Group II intron RNAs self-splice via base-pairing interactions between exon-binding sites (EBS1 & EBS2) on the ribozyme and intron-binding sites (IBS1 & IBS2) at the 5′ exon region (Lambowitz & Zimmerly, 2011). Despite a common origin, the P. purpureum introns that encode an IEP appear to have a highly variable EBS (Fig. S18) perhaps explaining their ability to spread to novel sites in these plastid genomes. Each EBS/IBS pairing is uniquely associated with an intron/IEP combination, and complementarity between both is present. EBS1 and/or EBS2 were not identified for the mat1a, mat1b, and mat1c introns. Interestingly, EBS1 is located at the same site in the nucleotide alignment, whereas the EBS2 position is variable due to length heterogeneity between introns. Understanding how variation in these binding sites affects the ability of group II introns to self-splice and bind target DNA is paramount for ‘targetron’ development (Enyeart et al., 2014) and application of these mobile elements to biotechnology.
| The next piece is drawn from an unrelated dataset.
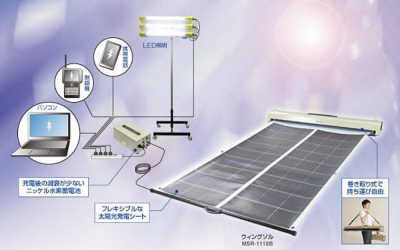 據國外媒體報道,日本太陽工業近日推出了一款可卷起的便攜應急用太陽能電池系統,以應付各種自然災害帶來的電力缺乏。本產品由太陽能單元和電池單元所組成。太陽能單元的面板采用一張柔韌的非晶質太陽能薄膜,公司宣稱其可以在很短的時間內卷起帶走。本產品號稱完全綠色,工作時不會發出噪音。太陽工業表示,在天氣晴朗的情況下,要充滿電需要大約8個小時,可以支持一臺電腦工作2到3小時。

Finally, sequence alignment of the P. purpureum introns described here with the five Rhodomonas salina introns presented in Khan & Archibald (2008) (Fig. S17) demonstrates that the domain organization and secondary structure of these elements in both species are similar. We were thus able to derive amended secondary structures for the cryptophyte models proposed by Maier et al. (1995) and Khan & Archibald (2008) using P. purpureum as a guide. In doing so, we identified a cryptophyte domain IVa similar to that in P. purpureum that contains the IEP and has modified domains DII and DIII (e.g., Fig. S19). We propose that the non-canonical features described by Khan & Archibald (2008) in R. salina and H. andersenii (i.e., domain insertions, ORF relocation, absence of internal splicing) can be explained by degeneration of the endonuclease domain between the protein C-terminus and domain IVa. Amended structures for the remaining cryptophyte introns are presented herein (Figs. S19–S23).

Red algal twintrons

Introns nested within other introns (or twintrons) were first reported in the Euglena gracilis plastid (Copertino & Hallick, 1991). Since then, group II/III twintrons have been reported at multiple sites in complete Euglenozoa plastid genomes (E. gracilis and Monomorphina aenigmatica; Pombert et al., 2012) and from the plastid genomes of the cryptophytes Rhodomonas salina and Hemiselmis andersenii (Maier et al., 1995; Khan et al., 2007 (however see discussion, above)). Twintrons have also been described in the prokaryotes Thermosynechococcus elongatus, a thermophilic cyanobacterium (Mohr, Ghanem & Lambowitz, 2010) and in Methanosarcina acetivorans, an archaebacterium (Dai & Zimmerly, 2003). Here we provide the first description of twintrons in rhodophyte plastid genomes, and the first known report of an inner intron (mat1f) found nested within two different outer introns (while also inserted in a third gene). The plastid genomes of three P. purpureum strains each contain two twintrons encoding mat1fa and mat1fb (Figs. 2A and 2B) that are bounded by different outer introns inserted in the rpoC2 and atpI genes, respectively. Two strains contain a copy of the inner intron/IEP inserted singly within the atpB gene as mat1fc. Alignment of the outer and inner twintron regions together with the other introns shows that the two different twintrons have very similar structures (Fig. S1) Despite partial sequence similarity (78.2% sequence identity in pairwise comparisons), the two outer introns have similar IEP remnants. The IEPs are truncated at the same site, likely due to a partial protein deletion. Approximately 130 nt and 555 nt, respectively, remain in the 5′ and 3′ regions of the former IEP in the external introns. Presumably, the later insertion of the inner intron happened at the same binding site (85 nt further downstream from the excision site). Our analyses show that the closely related outer introns int.b (atpI) and int.b (rpoC2; Fig. 3) in P. purpureum retain IEP remnants that have been truncated in the same region due to inner intron insertion at the same DIV target site (Fig. S17). Of future interest is to study the splicing of these red algal twintrons to confirm that excision occurs in consecutive steps as in other plastid twintrons (Copertino, Shigeoka & Hallick, 1992).